Le calendrier des investissements prévus pour le renouvellement du parc de vidéo-surveillance nous interroge également. 3,1 millions d’euros, soit plus de la moitié de la somme totale envisagée, sont affectés pour 2021 et 2022.

Pourtant, au mois de janvier, notre Conseil Municipal a acté deux décisions, que nous tenons à souligner et qui correspondaient à des demandes de notre part :
La première concerne la réalisation d’un audit indépendant sur la vidéo-verbalisation, prévu avant toute nouvelle prorogation.
La seconde stipule que le dispositif de vidéo verbalisation durera jusqu’au 28 juillet 2022 et fera lui aussi l’objet d’une évaluation.

Dès lors, n’aurait-il pas été judicieux et prudent d’attendre 2023 avant d’engager des fonds aussi conséquents ? À cette date, les résultats de ces études nous auraient sans doute apporté des informations essentielles sur l’efficacité, ou non, de ce type de systèmes dont les coûts sont très élevés pour notre collectivité.

Nous tenons à rappeler qu’à notre connaissance, en France, il n’y a jamais eu de travail scientifique rigoureux d’analyse, sur le long terme, ni sur la vidéosurveillance, ni sur l’impact de la vidéo-verbalisation.

Mes collègues de Lyon en Commun et moi-même sommes donc toujours, vous l’aurez compris, dubitatifs sur l’ensemble de ces points.
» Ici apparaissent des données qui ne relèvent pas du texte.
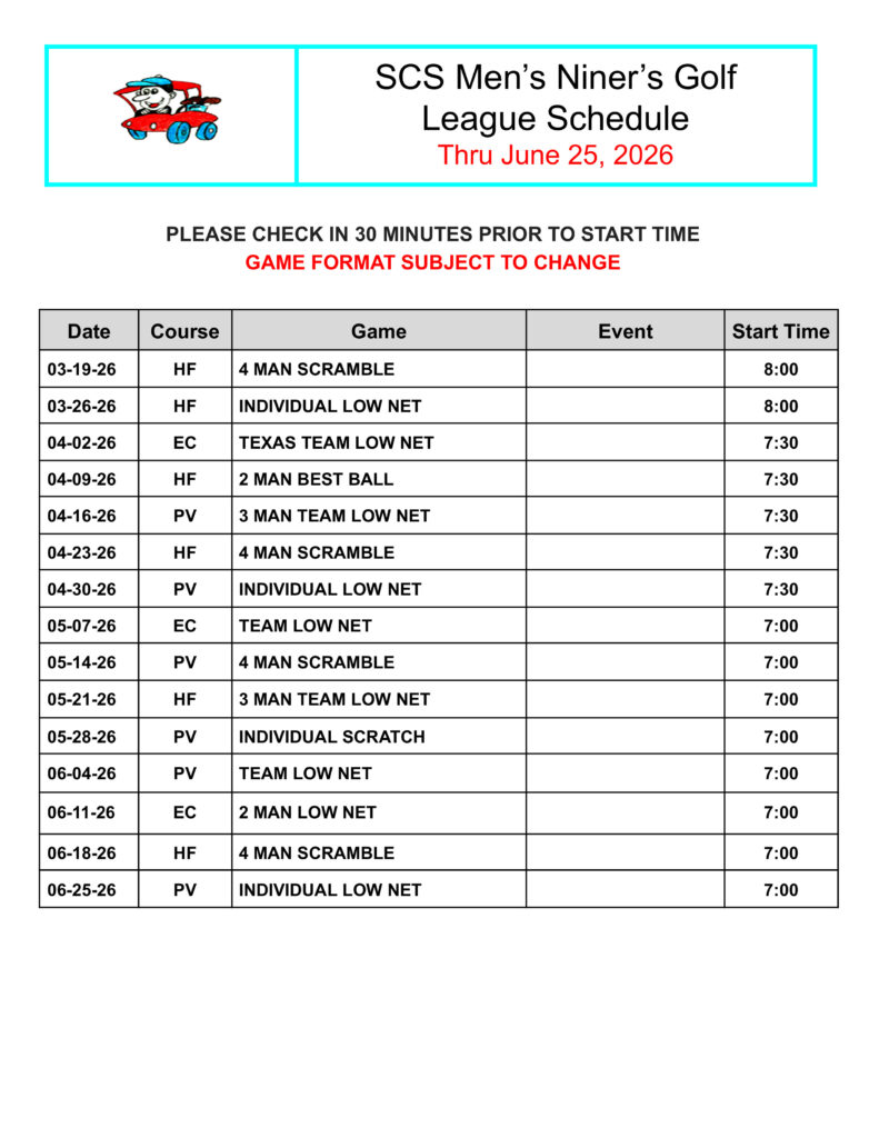 Tournament Cancellations: if for some reason you are unable to play after signing up for an event please contact Tournament Chair Jim Devlin via text message by Wednesday 3PM. 313-402-6302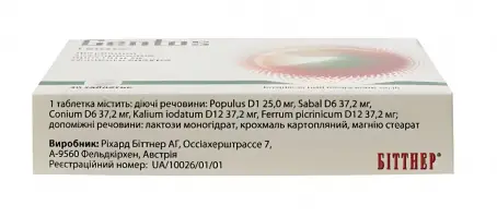 діючі речовини: 1 таблетка містить: Populus D1 25,0 мг, Sabal D6 37,2 мг, Conium D6 37,2 мг, Kalium iodatum D12 37,2 мг, Ferrum picrinicum D12 37,2 мг;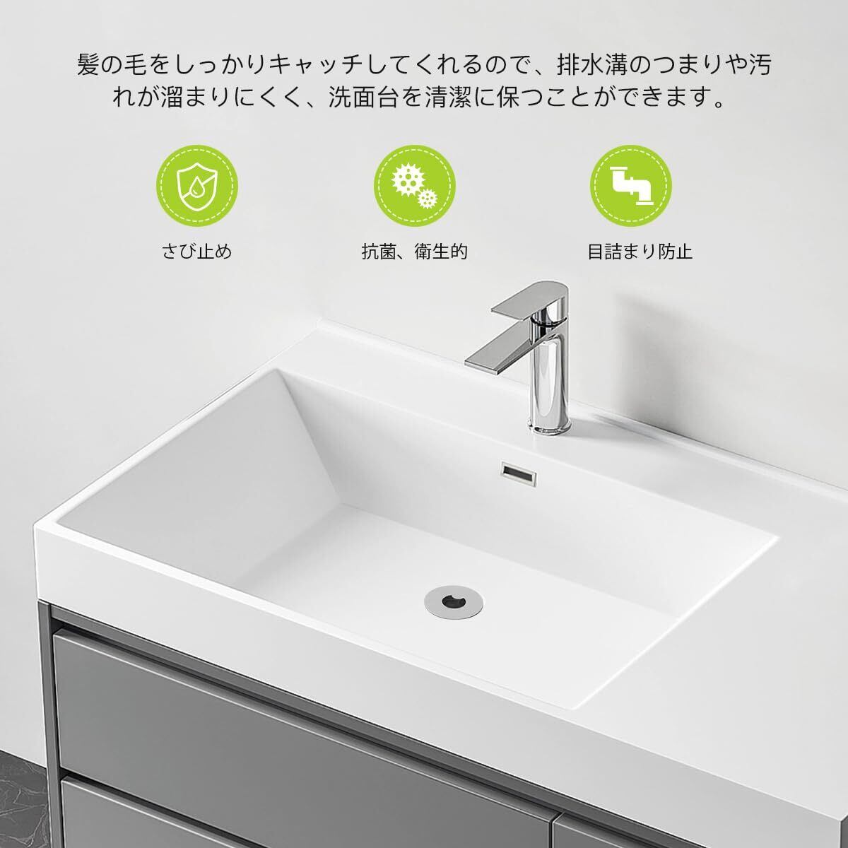【目詰まり防止】:髪の毛をきれいにつかまえることができ、ジュエリーや指輪、小物などが排水管に入って、排水管の詰まりを防ぎます。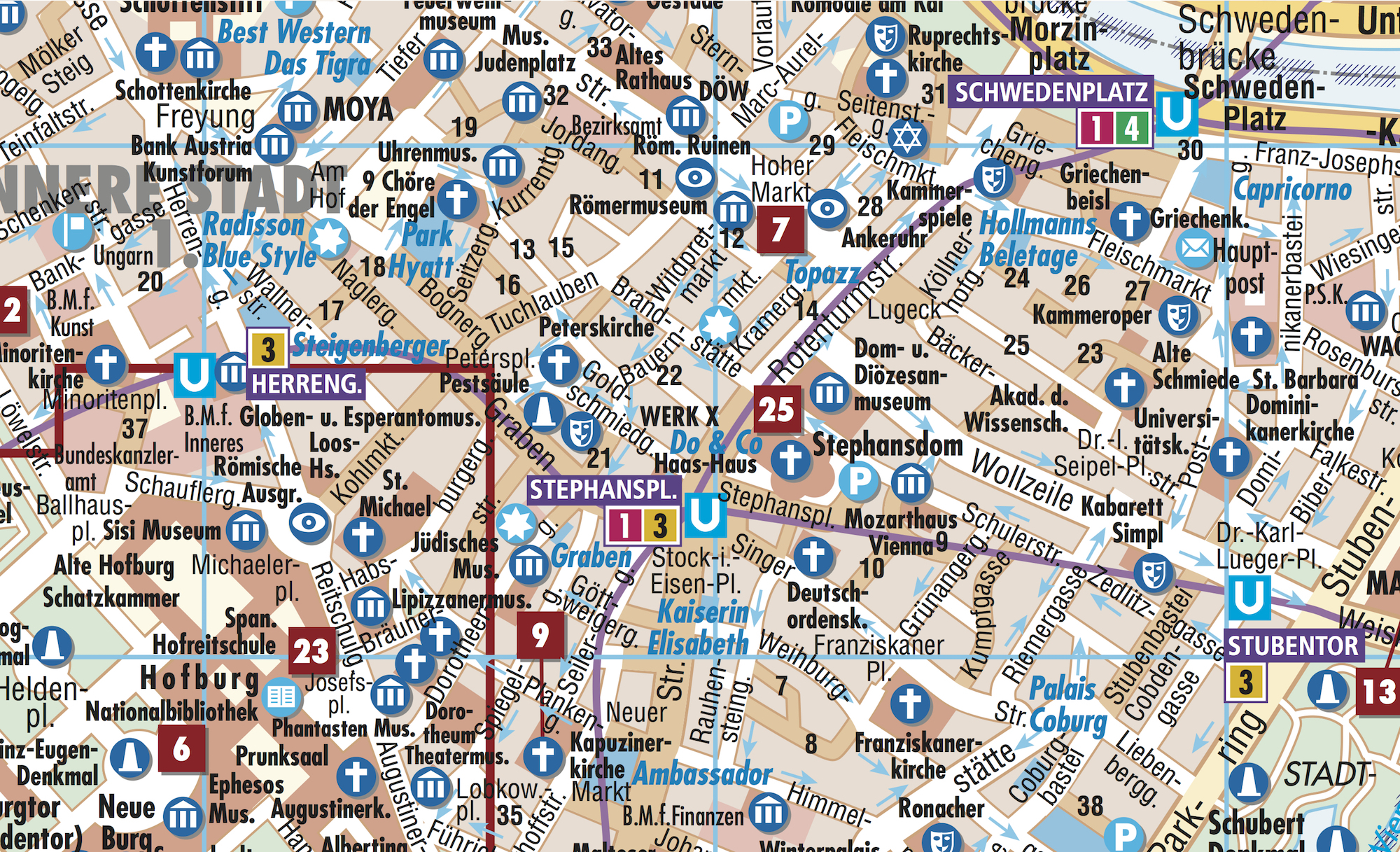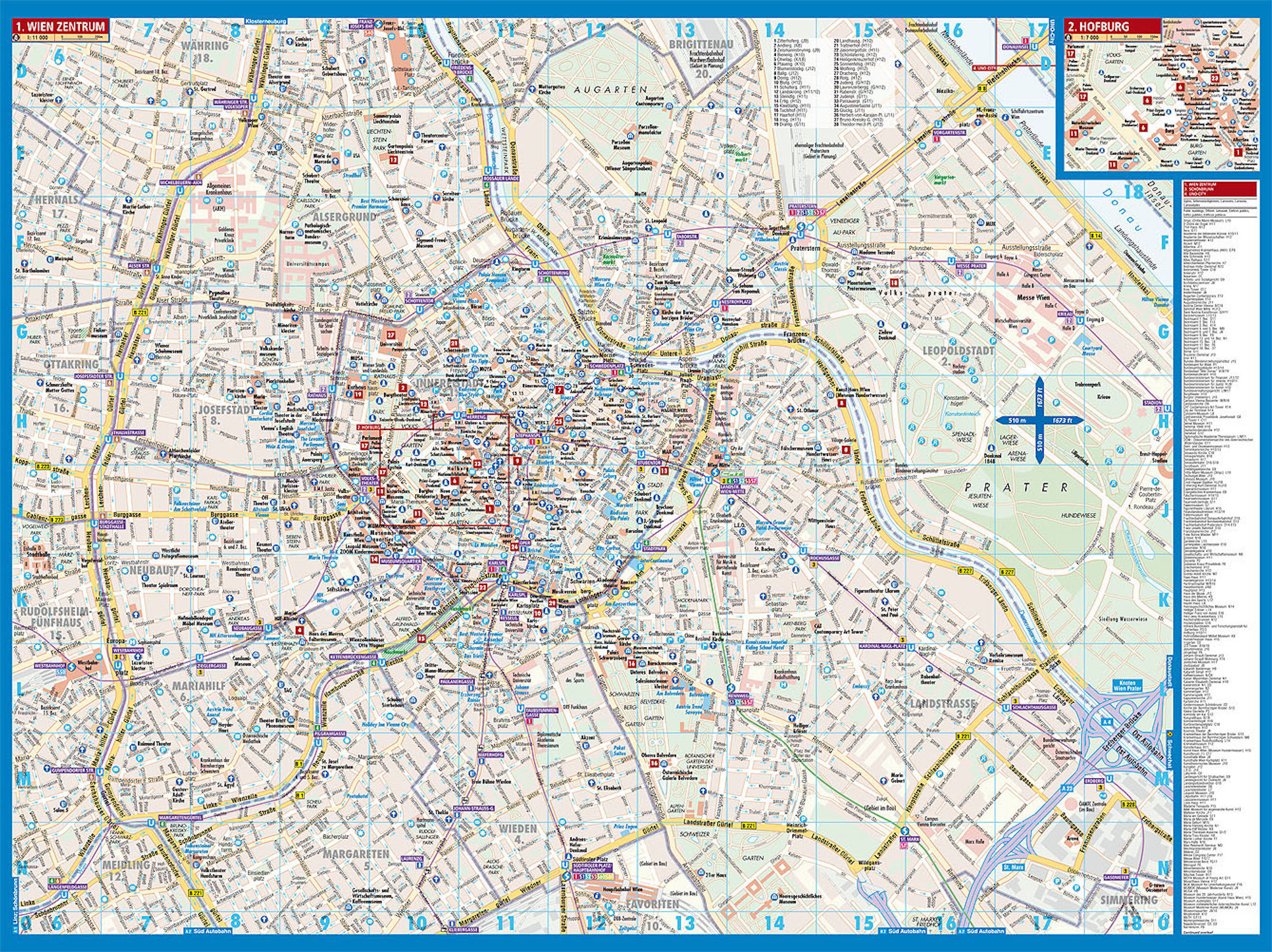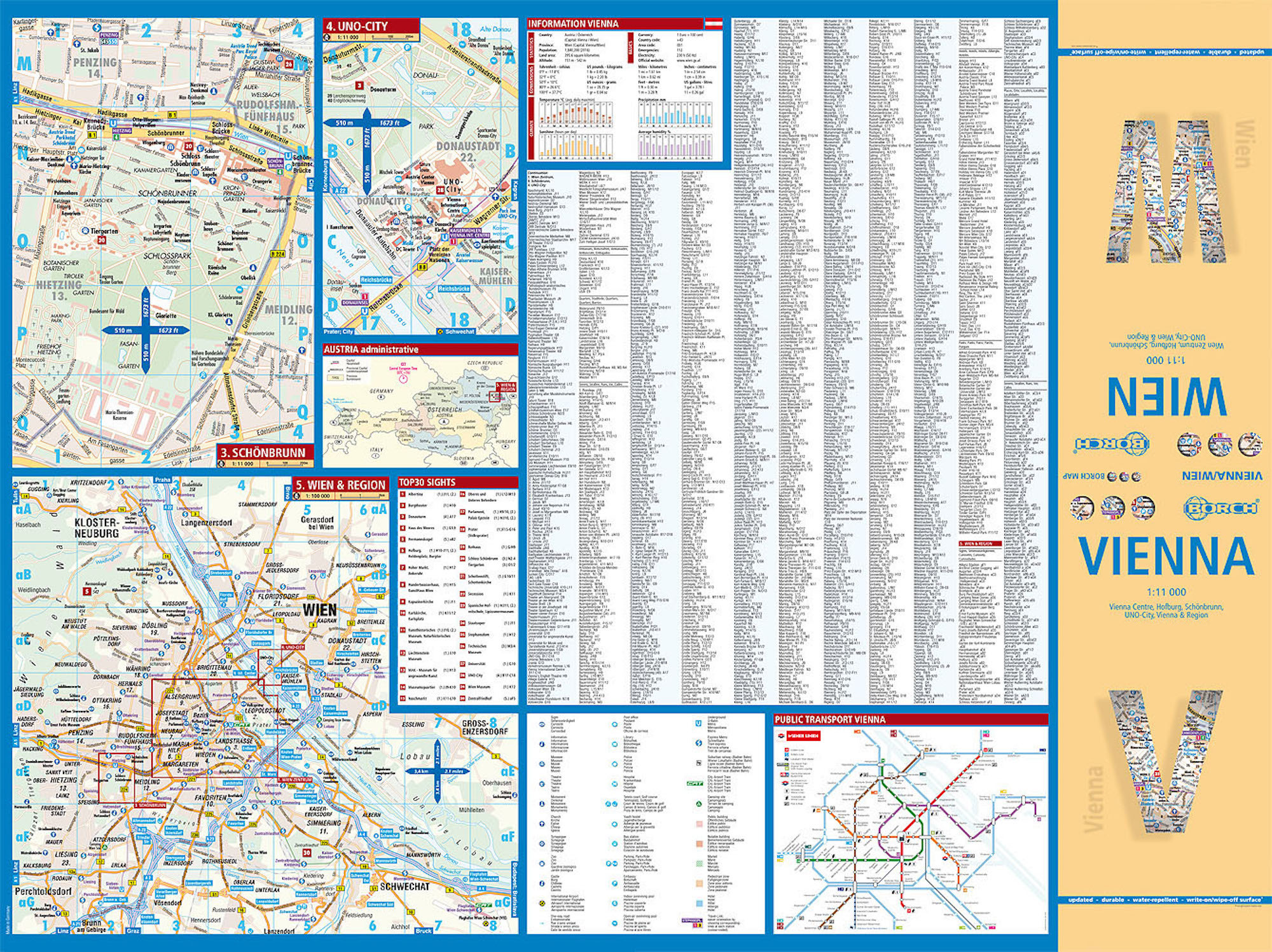 Folienbeschichteter Stadtplans der österreichischen Hauptstadt mit einer Übersichtskarte von Wien, einem Plan des öffentlichen Nahverkehrsnetzes und Nebenkarten zu Schönbrunn, der Hofburg und der UNO City sowie einem umfangreichen Register zu Straßen, Parks, H...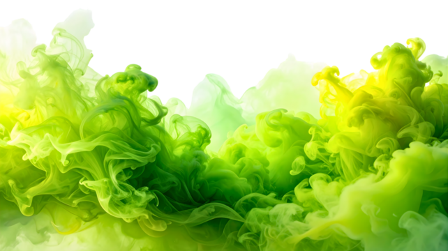 Green smoke fog overlay, bright neon lime mist texture isolated on transparent background for toxic gas or fantasy effect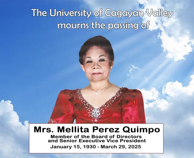 The University of Cagayan Valley mourns the passing of Mrs. Melita Perez Quimpo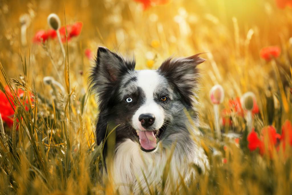 Un Border Collie au pelage merle assis dans un champ de coquelicots

Sur ces questions, pour paraphraser Socrate, la seule chose que nous savons c’est que nous ne savons rien. C’est donc avec une certaine humilité que nous nous abstiendrons sur cette délibération.

Je vous remercie pour votre attention et puisque c’était la dernière délibération du jour, je vous souhaite une bonne soirée, à l’abri de nos caméras respectives.